*** Block opens ***

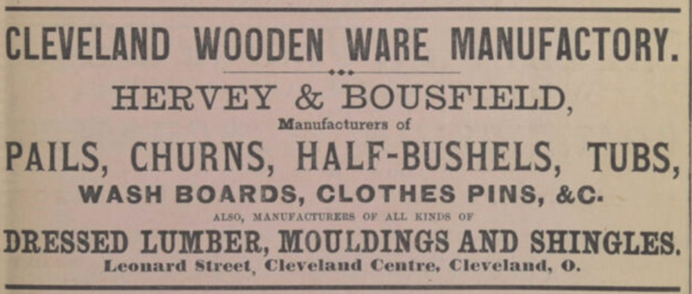 Hervey & Bousfield Ad ID: 10737 | This file appears in: Sarah Bousfield House This ad for the wooden ware business of J.B. Hervey and John Bousfield, which was operated out of Cleveland Centre, appeared in a Cleveland directory in 1860. | Source: Cleveland Public Library, Directory Collection Download Original File SourceCleveland Public Library, Directory Collection "Hervey & Bousfield Ad" appears in: Sarah Bousfield House
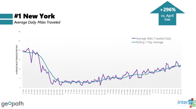 Geopath has released the average daily miles travelled report for the top 100 DMA’s dated 6/29/20. Download the report and send you clients the chart for your DMA. Here is the chart for the New York DMA.
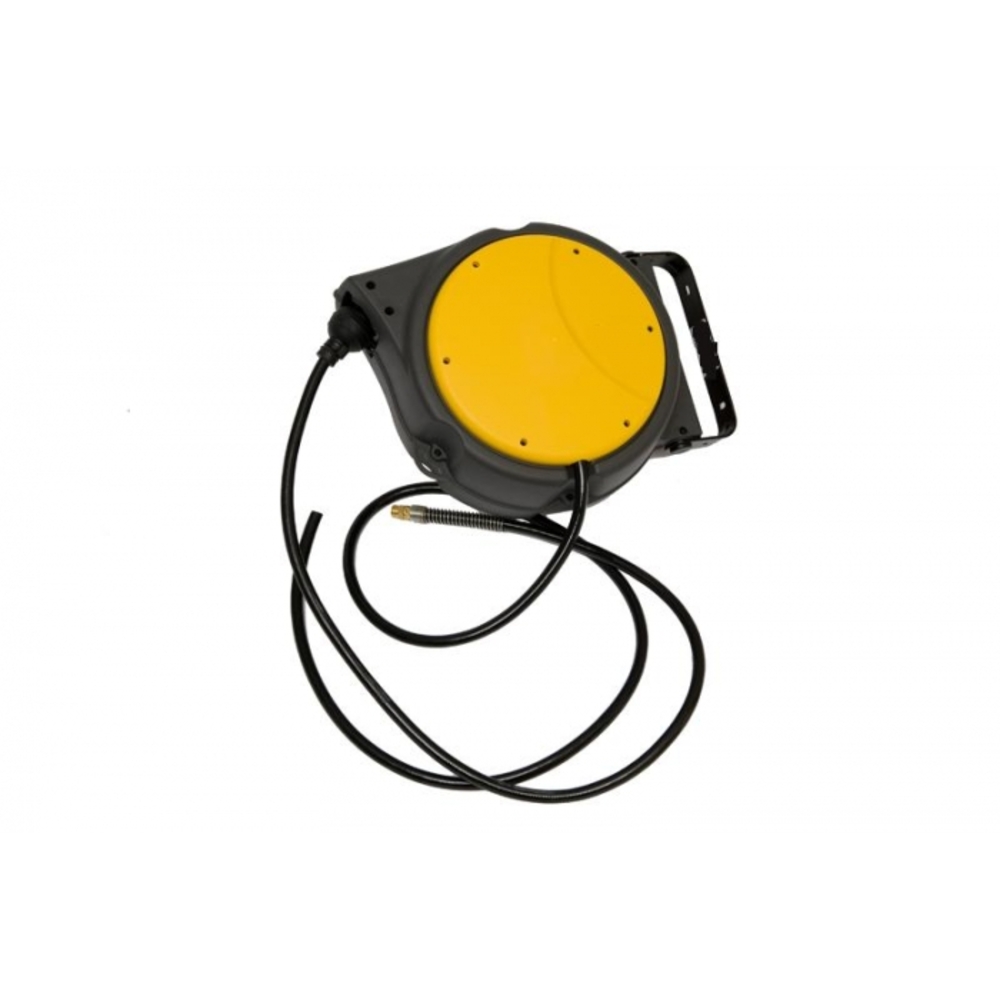 - Description et usage : Ce modèle est équipé d'un tuyau de 10 mètres de longueur avec un diamètre de 8 x 13 mm, permettant une grande flexibilité d'utilisation. Il est idéal pour les travaux nécessitant une alimentation en air comprimé avec un retour automatique du tuyau pour un rangement facilité. Son étrier pivotant assure un accès aisé au tuyau et améliore le confort d'utilisation.

*** Block closes ***

Could the material above be given again in full and exactly, with its pictures left out?

 Hervey & Bousfield Ad ID: 10737 | This file appears in: Sarah Bousfield House This ad for the wooden ware business of J.B. Hervey and John Bousfield, which was operated out of Cleveland Centre, appeared in a Cleveland directory in 1860. | Source: Cleveland Public Library, Directory Collection Download Original File SourceCleveland Public Library, Directory Collection "Hervey & Bousfield Ad" appears in: Sarah Bousfield House
 Geopath has released the average daily miles travelled report for the top 100 DMA’s dated 6/29/20. Download the report and send you clients the chart for your DMA. Here is the chart for the New York DMA.
 - Description et usage : Ce modèle est équipé d'un tuyau de 10 mètres de longueur avec un diamètre de 8 x 13 mm, permettant une grande flexibilité d'utilisation. Il est idéal pour les travaux nécessitant une alimentation en air comprimé avec un retour automatique du tuyau pour un rangement facilité. Son étrier pivotant assure un accès aisé au tuyau et améliore le confort d'utilisation.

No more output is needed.